New South Wales (NSW) Police have revealed they are “very happy” with the items they’ve discovered as part of the renewed William Tyrrell search, despite poor weather conditions hampering police efforts in the past week.
Detective chief superintendent Darren Bennett provided a brief update on the latest operational activities of Strike Force Rosann, telling reporters “we are very happy with the progress so far”.
“The update is that the search continues. It is painstaking, it is difficult,” he said. “We’re very happy with the items we’ve found in terms of their relevance to the investigation, in terms of both eliminating people or proving what happened to William Tyrrell.
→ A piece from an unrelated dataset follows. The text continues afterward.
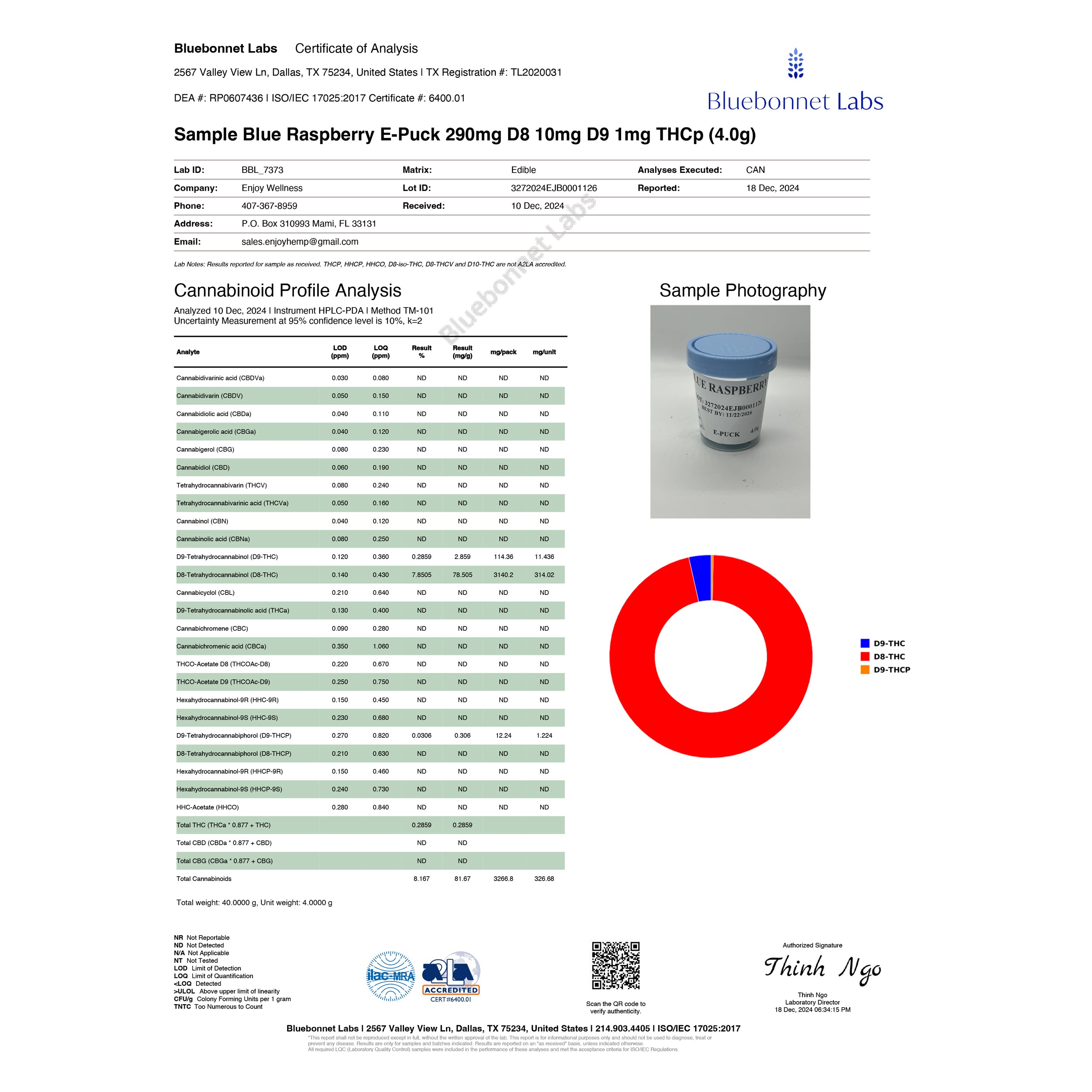 LabReport (#850) Delete Back to listing Edit Name COA Enjoy Hemp D9THC Live Roofing 3000mg Jet Fuel 2024-12-18 Sample Name Blue Raspberry E-Puck 290mg D8 10mg D9 1mg THCp Sample Matrix Edible Product Type cannabis Lab Name Bluebonnet Labs Matching Name COA Enjoy Hemp D9THC Live Roofing 3000mg Jet Fuel 2024-12-18 Blue Raspberry E-Puck 290mg D8 10mg D9 1mg THCp Edible External Url https://purecbdnc.com/cdn/shop/files/COAEnjoyHemp_D9THCLiveR3000mg_JetFuel_2024-12-181.jpg Internal Url https://cbdextract.nw.agency/lab-reports/COAEnjoyHempD9THCLiveRoofing3000mgJetFuel2024-12-18.jpg Category Null Type jpg Project pure cbd [ 104 ] State Processed Additional Data Extraction Date: 2024-12-10 Expiry Date: Delta-9 %: 0.105 THC-A %: 0 Total THC %: 0.105 D9/THC-A %: 0.105 Debug Data Null Markdown Content "# Bluebonnet Labs Certificate of Analysis\n\n2567 Valley View Ln, Dallas, TX 75234, United States | TX Registration #: TL2202031 \nDEA #: RP0067498 | ISO\/IEC 17025:2017 Certificate #: 6400.01\n\n## Sample Blue Raspberry E-Puck 290mg D8 10mg D9 1mg THCp (4.0g)\n\n| Lab ID: | BBL-7373 |\n|---------|----------|\n| Company: | Elev8-Wellness |\n| Phone: | 407-347-9949 |\n| Address: | P.O. Box 931083 Miami, FL 33131 |\n| Email: | splus.ecommpkg@gmail.com |\n\n| Matrix: | Edible |\n|---------|--------|\n| Lot ID: | 8270284EJBB0001136 |\n| Reported: | 18 Dec, 2024 |\n| Received: | 10 Dec, 2024 |\n| Analyses Executed: | CAN |\n\n----\n\n## Cannabinoid Profile Analysis\n\nAnalyzed 09 Dec, 2024 | Instrument: HPLC-PDA | Method TM-10-1 \nUncertainty Measurement at 95% confidence level is 10%, k=2\n\n| Analyte | LOD | LOQ | Result | Result (mg\/g) | Result (mg\/unit) |\n| -------------------------------------------- | ----- | ----- | ------ | ------------- | ---------------- |\n| Cannabichromene (CBC) | 0.010 | 0.030 | ND | ND | ND |\n| Cannabichromenic Acid (CBCA) | 0.010 | 0.030 | ND | ND | ND |\n| Cannabicyclol (CBL) | 0.010 | 0.030 | ND | ND | ND |\n| Cannabicyclolic Acid (CBLA) | 0.010 | 0.030 | ND | ND | ND |\n| Cannabidiol (CBD) | 0.010 | 0.030 | ND | ND | ND |\n| Cannabidiolic Acid (CBDA) | 0.010 | 0.030 | ND | ND | ND |\n| Cannabidivarin (CBDV) | 0.010 | 0.030 | ND | ND | ND |\n| Cannabidivarinic Acid (CBDVA) | 0.010 | 0.030 | ND | ND | ND |\n| Cannabigerol (CBG) | 0.010 | 0.030 | ND | ND | ND |\n| Cannabigerolic Acid (CBGA) | 0.010 | 0.030 | ND | ND | ND |\n| Cannabigerovarin (CBGV) | 0.010 | 0.030 | ND | ND | ND |\n| Cannabigerovarinic Acid (CBGVA) | 0.010 | 0.030 | ND | ND | ND |\n| Cannabinol (CBN) | 0.010 | 0.030 | ND | ND | ND |\n| Cannabinolic Acid (CBNA) | 0.010 | 0.030 | ND | ND | ND |\n| Cannabivarin (CBV) | 0.010 | 0.030 | ND | ND | ND |\n| Cannabivarinic Acid (CBVA) | 0.010 | 0.030 | ND | ND | ND |\n| \u03948-Tetrahydrocannabinol (\u03948-THC) | 0.010 | 0.030 | 2.898 | 0.725 | 2.898 |\n| \u03948-Tetrahydrocannabinolic Acid (\u03948-THCA) | 0.010 | 0.030 | ND | ND | ND |\n| \u03949-Tetrahydrocannabinol (\u03949-THC) | 0.010 | 0.030 | 0.420 | 0.105 | 0.420 |\n| \u03949-Tetrahydrocannabinolic Acid (\u03949-THCA) | 0.010 | 0.030 | ND | ND | ND |\n| \u039410-Tetrahydrocannabinol (\u039410-THC) | 0.010 | 0.030 | ND | ND | ND |\n| \u039410-Tetrahydrocannabinolic Acid (\u039410-THCA) | 0.010 | 0.030 | ND | ND | ND |\n| THCV-Acetate (THCVA) | 0.010 | 0.030 | ND | ND | ND |\n| Tetrahydrocannabivarin (THCV) | 0.010 | 0.030 | ND | ND | ND |\n| Tetrahydrocannabivarinic Acid (THCVA) | 0.010 | 0.030 | ND | ND | ND |\n| \u03949-Tetrahydrocannabiphorol (\u03949-THCP) | 0.010 | 0.030 | 0.130 | 0.033 | 0.130 |\n| \u03949-Tetrahydrocannabiphorolic Acid (\u03949-THCPA) | 0.010 | 0.030 | ND | ND | ND |\n| \u03948-Tetrahydrocannabiphorol (\u03948-THCP) | 0.010 | 0.030 | ND | ND | ND |\n| \u03948-Tetrahydrocannabiphorolic Acid (\u03948-THCPA) | 0.010 | 0.030 | ND | ND | ND |\n| Hexahydrocannabinol (HHC) | 0.010 | 0.030 | 0.420 | 0.105 | 0.420 |\n| Hexahydrocannabinolic Acid (HHCA) | 0.010 | 0.030 | ND | ND | ND |\n| Hexahydrocannabiphorol (HHCP) | 0.010 | 0.030 | 0.420 | 0.105 | 0.420 |\n| Hexahydrocannabiphorolic Acid (HHCPA) | 0.010 | 0.030 | ND | ND | ND |\n| THC-Hemisuccinate (THC-HS) | 0.010 | 0.030 | ND | ND | ND |\n| Total \u03949-THC (\u03949-THC + \u03949-THCA) | 0.010 | 0.030 | 0.420 | 0.105 | 0.420 |\n| Total \u03948-THC (\u03948-THC + \u03948-THCA) | 0.010 | 0.030 | 2.898 | 0.725 | 2.898 |\n| Total CBD (CBD + CBDA) | 0.010 | 0.030 | ND | ND | ND |\n| Total Cannabinoids | | | 6.107 | 1.527 | 6.107 |\n\n\nTotal weight: <4.0000 g, Unit weight: 4.0000 g\n\n----\n\n## Sample Photography\n\n!Sample Photography\n\n----\n\n## Chart\n\n| Component | Color |\n| --------- | ------ |\n| \u03949-THC | Blue |\n| \u03948-THC | Red |\n| \u03949-THCP | Orange |\n\n\n----\n\n**Authorized Signature** \nThinh Ngo \nLab Director \nDate: 18 Dec, 2024\n\n----\n\nBluebonnet Labs | 2567 Valley View Ln, Dallas, TX 75234, United States | 214.630.4405 | ISO\/IEC 17025:2017" Do you really want to delete this item? There is no undo for this operation.

“The investigative team’s message to me is that what they’ve located there and what they’ve done so far is cause enough to keep going.”
#LIVE: NSW Police are providing an update on the William Tyrrell investigation. #9News https://t.co/HC7zabBfRW
— 9News Sydney (@9NewsSyd) November 25, 2021
Police initially expected the search to last two to three weeks but Bennett believes “we’ll have to double that now” given the poor weather conditions. “It is obvious to all of us that we couldn’t have picked a worse time in terms of weather,” he said.
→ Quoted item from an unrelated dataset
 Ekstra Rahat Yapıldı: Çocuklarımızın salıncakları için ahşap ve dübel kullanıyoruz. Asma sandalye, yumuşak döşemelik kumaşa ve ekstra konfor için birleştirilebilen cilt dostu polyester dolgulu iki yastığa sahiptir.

The search has entered its 12th day following the announcement from police that renewed searches for William Tyrell would commence after new information came to light.
Since the searches began, police have scoured the Kendall property where William went missing, dug up the garden below the second-floor balcony, and sifted through dirt for any clues as to the boy’s disappearance. Cadaver dogs have also been spotted being taken around the area, as forensic teams sprayed the chemical luminol around the property to highlight any traces of blood that may have been present.
Authorities have also collected and photographed several pieces of fabric, which have been taken away for further forensic testing. Detectives also recently revealed they had seized a Mazda on November 9 to undergo “extensive forensic examinations and analysis”.
Incoming police commissioner Karen Webb told 2GB Radio on Thursday this week, “there’s no stone being unturned” in the large-scale investigation. “It’s a long, laborious search and obviously the weather conditions up there at the moment are unfavourable. But police will pursue that, no matter what,” she said. “It’s been seven years now and that’s a long time but we’re not going to give up.”